In 1996, during the Egyptian Cinema centennial, this film was selected one of the best 100 Egyptian film productions. It received an award of recognition from the Academy of Motion Picture Arts and Sciences and was selected as the Egyptian entry for the Best Foreign Language Film at the 32nd Academy Awards, but was not accepted as a nominee. It was also entered into the 10th Berlin International Film Festival.

== Plot ==
Amna is a young woman that witnesses the death of her older sister by her uncle, who had abandoned her family and left them with no support. She understands from her mother that her sister deserves to die because she has dishonored the family. Amna doesn't agree. She believes that her uncle should be blamed for their conditions. She seeks revenge from the engineer who swayed her sister and lied to her thus causing her death. Amna moves to his house to work as a maid and tries to poison him several times, but all her plans fail. She discovers it's impossible to kill him. This engineer starts to approach her, but she resists him, which makes him even more attracted to her.

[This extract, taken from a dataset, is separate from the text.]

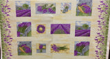 Panel repeat is 24" x 42" horizontal orientation. Vignette scenes from a lavender field are set in compatible squares & rectangles. Beautiful shades of purple with green & gold accents are set on a striated, tone on tone, soft yellow background. Selvage edge of fabric is bordered with rows of lavender & greenery. By Firetrail Designs for Andover Fabrics Inc.
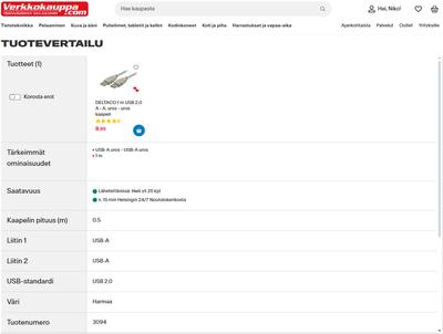 Tuotteen "Tärkeimmät ominaisuudet" osiossa sanotaan että kaapeli on 1m, mutta alempana, "Kaapelin pituus (m)" osiossa lukee että 0,5m. Näkyy helposti tuotteen vertailusivulla:

The poor girl thinks that by not resisting him anymore and pretending to love him, she would be able to destroy his life. What she doesn't expect is that she herself would fall in love with him. She plans to dig a hole and trick him into falling in it. She tries but fails and both fall in the hole. She faces him with the truth, and reveals who she is. She decides to leave him as she knows that her plans have failed. Her uncle finds out what she has done and decides to kill her because she has ruined the family's reputation. As she steps out of the engineer's house, she sees her uncle and immediately realizes that he has bad intentions, but the engineer sees him too, and takes the bullet in his back to protect her and save her life.

== Cast ==
- Faten Hamama as Amna
- Ahmed Mazhar as the engineer
- Amina Rizk as Amna and Hanady's Mother
- Zahret El-Ola as Hanady
- Abdel Alim Khattab as Uncle Gabber
- Mimi Chakib as Zanooba
- Ragaa Al Geddawy as Khadeeja

==Reception==

In 2020, Peter Bradshaw of The Guardian named The Nightingale's Prayer as the 19th-greatest African film of all time, calling it "an extravagant revenge melodrama, or Beauty-and-the-Beast fable."

==See also==
- List of submissions to the 32nd Academy Awards for Best Foreign Language Film
- List of Egyptian submissions for the Academy Award for Best Foreign Language Film

==Notes==

- "Movie details"
- "Summary"
- "Film information"
- "Film summary"
- "Film summary"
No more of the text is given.